Characteristics of Autism
Autism (ASD) is a neuro-developmental condition with varying of levels of severity. The range of characteristics commonly linked with autism include:
challenges communicating and socially interacting with others
restricted or repetitive behaviours, moving one’s body in unusual ways
a strong interest in one topic, subject or behaviour
significant reactions to what is sensory stimuli (what is seen, heard, smelled, touched or tasted)
a strong preferences for routine, along with dislike for change
Despite these common features, people with ASD are highly unique, and no two individuals will have the same characteristics, challenges, personality and preferences.
It can be difficult for people with ASD to express their emotions and needs. Even when a person has good verbal language skills, there may be difficulty with grammar, vocabulary, constructing meaningful sentences, understanding certain words.
There may be a tendency to or interpret communications literally, or not understanding them at all. The emotions of other people can be difficult to understand.
Some individuals with ASD may appear disinterested in others, or unsure of how to engage in conversation and other social interactions. They may have difficulty using or interpreting non-verbal communication including eye contact, gestures and facial expressions, or may appear unaware or disinterested in the experiences and emotions of other people. Therefore, iIt can be extremely challenging to establish and maintain friendships for some individuals with ASD. The social difficulties experienced by people with ASD may result in some people withdrawing and becoming isolated, while others may put in significant efforts to try to be social, but have difficulty understanding why there are attempts often do not work as hoped.
Assessment and Diagnosis
There is no single medical or psychological test for diagnosing autism. Instead, autism is diagnosed through observation by a multidisciplinary team of health professionals including a paediatrician, psychologist or psychiatrist and speech pathologist ro occupational therapist.

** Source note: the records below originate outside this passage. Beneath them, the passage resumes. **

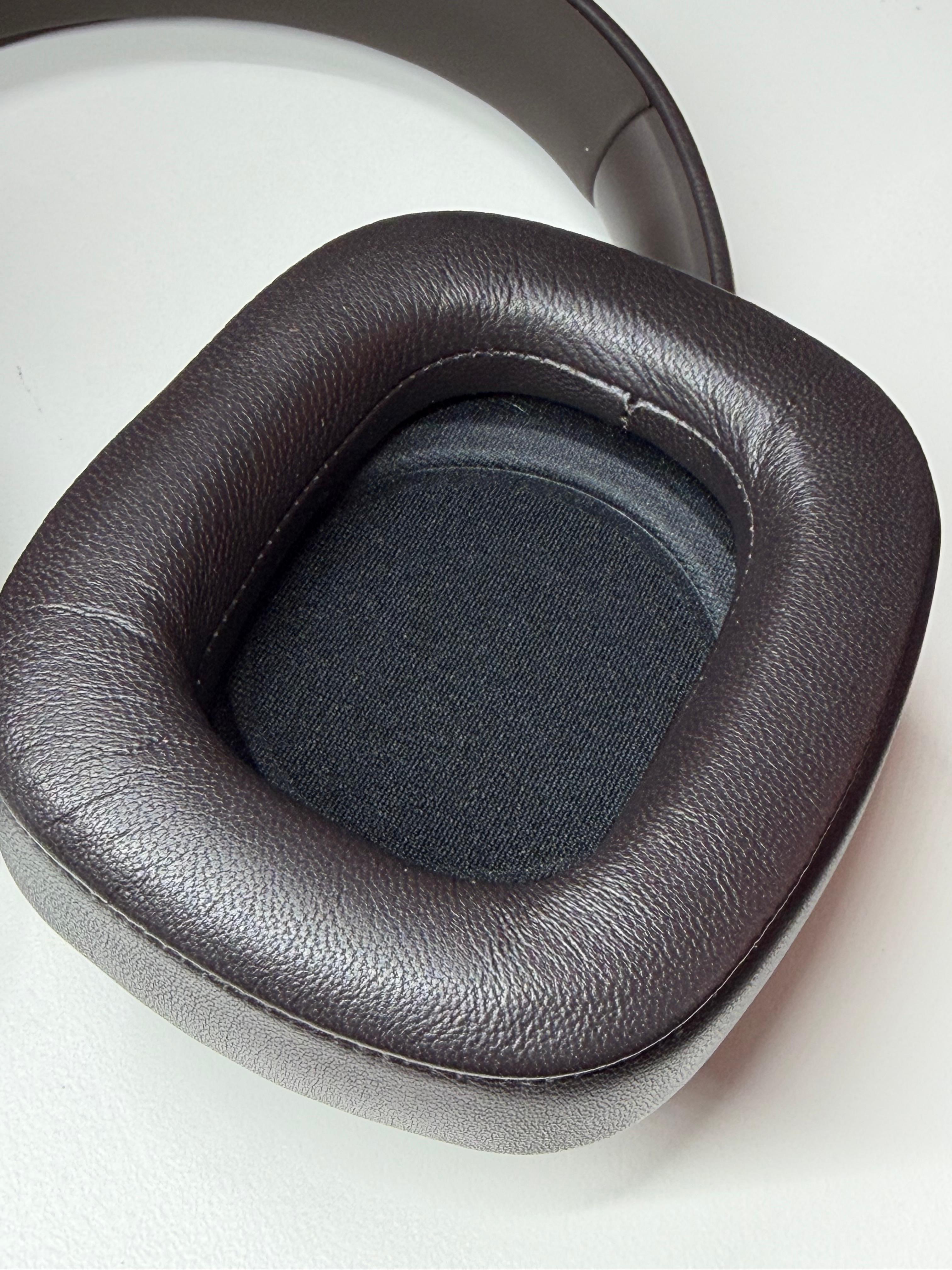 모든 기능 버튼은 오른쪽 이어패드에 있고, 왼쪽에는 아날로그 단자 하나만 있습니다. 아무래도 오른손잡이들이 많은 만큼 오른쪽 이어패드에 기능을 몰아 넣은 것으로 볼 수 있습니다. 이어패드의 재질은 눈으로 봐도, 손으로 만져도, 귀에 갖다 대도 확실히 고급이라는 것을 느낄 수 있습니다. 가죽의 품질과 마감은 디자인 요소 중 제가 가장 마음에 들었던 부분입니다.
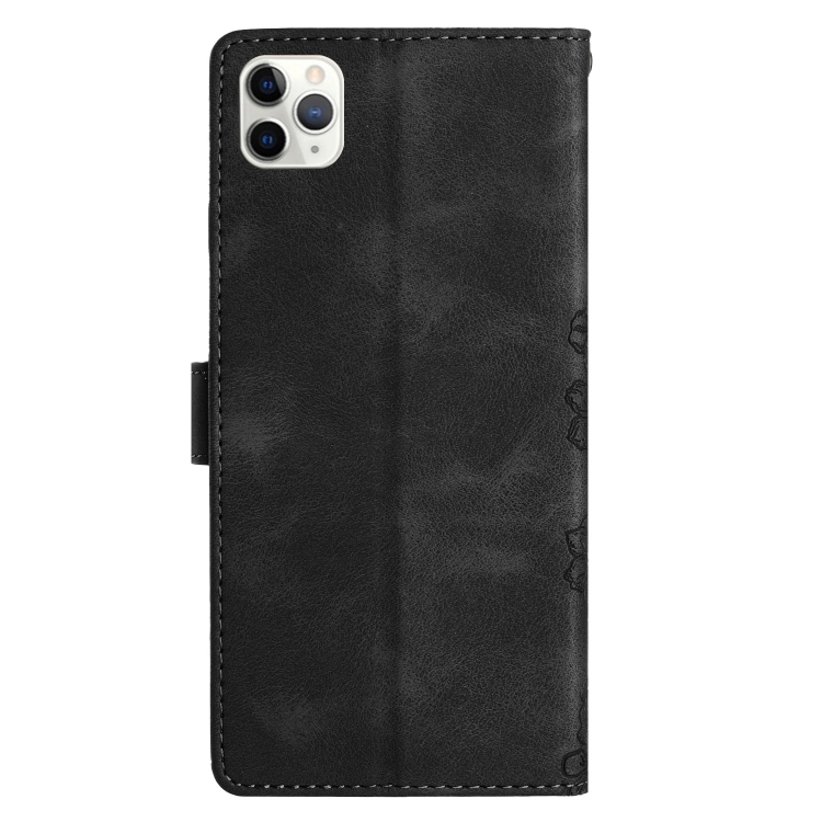 Funda para teléfono iPhone 11 Pro Cherry Blossom Butterfly Skin Feel de PU en relieve (Negro)
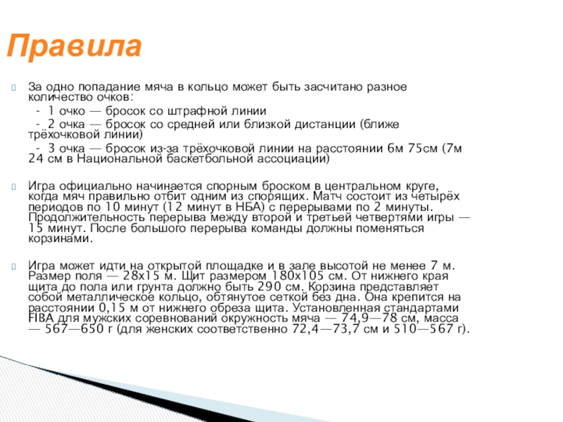 Всего в команде 12 человек, замены не ограничены. За мяч, заброшенный с ближней и средней дистанции, засчитывается 2 очка, с дальней — 3 очка. Штрафной бросок оценивается в 1 очко. Стандартный размер баскетбольной площадки 28 метров в длину и 15 метров в ширину.

Some children show signs of autism very early, by the age of two years of age. Others may be diagnosed when they are older. The earlier autism is diagnosed the sooner therapy can begin. This important because it has been shown that early intervention improves outcomes for children with ASD.
Diagnosing autism is often very complex and can complicated by other problems including comorbid disorders such as ADHD, anxiety and OCD, and parent-child attachment problems.
At Poulton Respondek Clinical Psychology (PRCP) we work collaboratively with other health professionals in the assessment and diagnosis of ASD. The referral pathway is generally through your G.P. who will then refer your child to a paediatrician. PRCP can continue to work collaboratively with other health professionals who form your child's support network in the provision of treatment.
There are a variety of interventions and treatment approaches for the difficulties associated with ASD. At PRCP, our treatments are evidence-based and designed to increase those social, emotional and behavioural capacities that are most closely associated with increased social participation, academic success and overall psychological wellbeing. Treatment programs are individually tailored to the needs of the child and his or her family.
The National Disability Insurance Scheme provides funding for most children who have a diagnosis of Autism Spectrum Disorder for the purpose of receiving psychological treatment.